Schultz, M.B. et al. Nat Commun 11, 4618 (2020)

It takes a mouse a long time to grow old. Relatively speaking, of course — the lifespan of a typical laboratory mouse is only about three years, compared to the 80 or so a human can expect. But you’ll nevertheless have to wait to see whether an intervention given to an animal while it is young will have any meaningful effect on its life- or health-span as it ages. When the goal is to find a therapeutic that can help prevent or delay the development of an age-related pathology, negative or inconclusive results can mean time and mice wasted. What if instead researchers could speed up the clock?

An aged mouse next to a younger companion. Credit: Alice Kane

Two new ‘clocks’ — models called the Frailty Inferred Geriatric Health Timeline (FRIGHT) and Analysis of Frailty and Death (AFRAID) — won’t make your mice age faster, but they may help you predict outcomes and decide whether to continue on earlier in the course of an aging study. “What we were hoping to do was figure out a way, earlier in the process, of understanding whether an intervention was going to affect lifespan,” says Alice Kane, a postdoctoral fellow in David Sinclair’s lab at Harvard Medical School. “We were also hoping to provide a standardized health assessment to get information about how healthy the mice are,” she says.

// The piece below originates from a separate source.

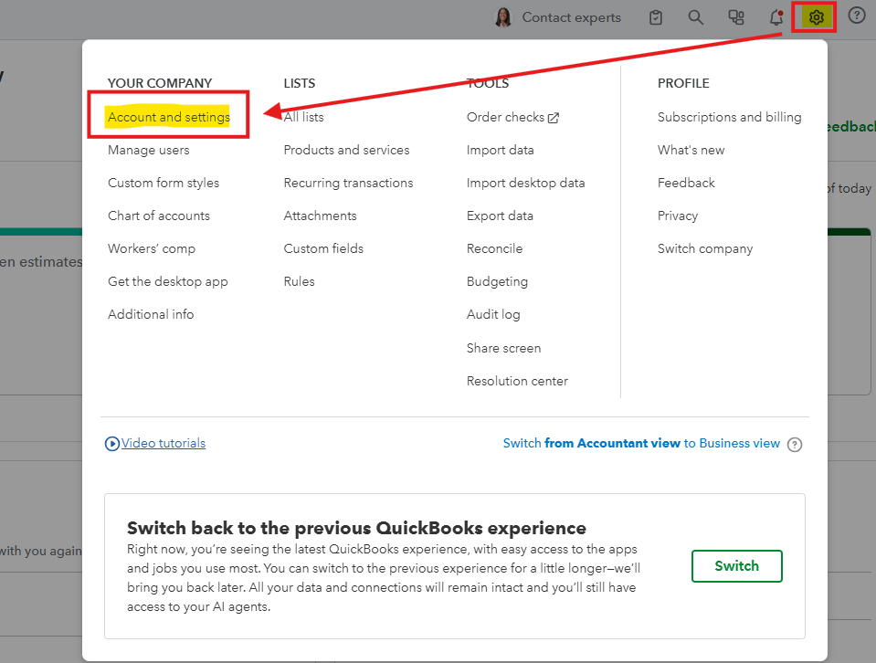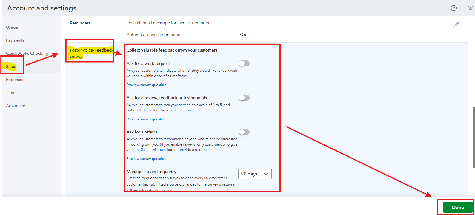Before we begin, I’d like to know if the feedback pop-up you’ve mentioned is the Post-Invoice Surveys in QuickBooks Online. If this is what you’re referring to, we can turn this off in the Accounts and Settings in your QuickBooks. Here’s how: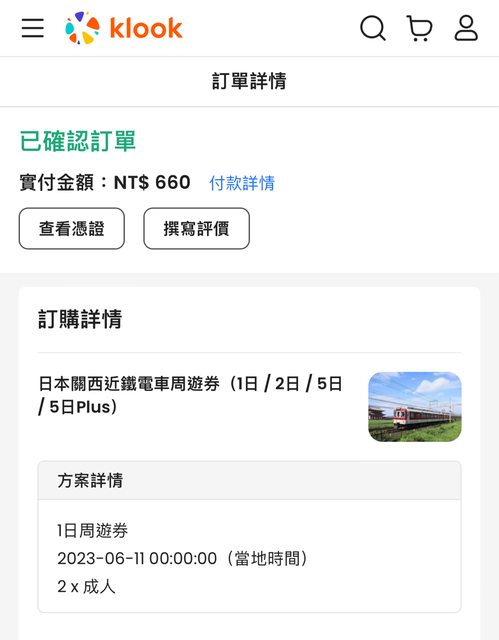 1. 讓售品項:關西近鐵1日券 2人

The two clocks are based on the Mouse Clinical Frailty Index, a non-invasive health scoring approach developed by Kane’s previous postdoctoral advisor, Susan Howlett at Dalhousie University. Reverse translated from the literature on frailty indices in people, the mouse version is calculated from 31 different measures of animal health, including body condition, gait and grip strength, and hearing and eye sight. “It’s really a great tool because it has the clinical relevance,” says Kane, and it can be performed non-invasively and without any special equipment.

In prior applications, the frailty index score has been shown to increase with age and correlate with a number of health outcomes in mice, says Kane. “But what we really wanted to understand was whether we could use these items to predict outcomes.” The lab first needed a complete dataset. “It’s kind of unusual for people to track health in mice and then also allow them to naturally die,” she says. So over the course of 21 months, she scored sixty 20-month old male C57BL/6Nia mice every six weeks through the end of their lives (only four had to be euthanized).

Maximum survival was 36 months of age, and the median, 31. Despite being from an inbred strain, individual mice did vary in their frailty trajectories as they aged. With the completed lifespan data in hand, she and co-first author Michael Schultz trained a random forest regression, a modeling method that takes into account interactions between different variables, some of which can correlate with an outcome more strongly than others, on the recorded frailty index items to generate the two clocks. For FRIGHT, the largest contributors to the model ended up being breathing rate, tail stiffening, kyphosis (curvature of the spine), and total weight change; the most important variables to AFRAID included total weight loss, actual chronological age, and tremor.

The FRIGHT clock is intended to reveal an animal’s apparent chronological age — the age it appears, rather than what the calendar says. Like humans, some mice can seem younger than their age suggests, while others may wear their months more heavily. Knowing an animal’s apparent age can inform whether an intervention is affecting overall health, says Kane. The FRIGHT clock, however, did not end up being a good predictor of mortality. To address the issue of lifespan, Kane and Schultz then added chronological age to the frailty index items to their random forest modeling to generate the AFRAID clock, which can predict how much longer a mouse is likely to survive from a given time point.

With clocks ticking, Kane and her colleagues then tested their models against two datasets: that from a prior study of enalapril, an Angiotensin-converting enzyme (ACE) inhibitor shown to improve health but not longevity in mice, and new data from mice treated with methionine restriction, a dietary approach that can extend both health- and life- spans. At 27 months, FRIGHT indicated that enalapril-treated mice appeared about a month younger than controls, while the AFRAID prediction concurred that there would be no lengthening of overall lifespan; the clocks agreed with methionine restriction observations as well.

As the underlying data are the same but each analysis can reveal slightly different information, Kane suggests interested researchers apply the Frailty Index as well as both clocks to their own aging cohorts; index score cards can be uploaded at http://frailtyclocks.sinclairlab.org/ for those who want to run their own results through the FRIGHT and AFRAID models. Meanwhile, follow up with a cohort of female mice — which arrived in Boston at 12 months of age from the National Institute of Aging — is underway to assess whether the clocks will work as-is in both sexes, or if female-specific versions will need to be trained; similar considerations might also apply to different mouse strains.

Kane and her colleagues are also exploring whether more refined clocks, incorporating different molecular measures of aging, can be developed as well. With different measures accounted for — some that may be important earlier in life, others later — Kane hopes the clocks themselves will help scientists better understand the aging process itself, in addition to informing whether different interventions may prove potent against age-related declines. “I envision us having levels of clocks,” Kane says, “Depending on the lab and your facility and what you can do.”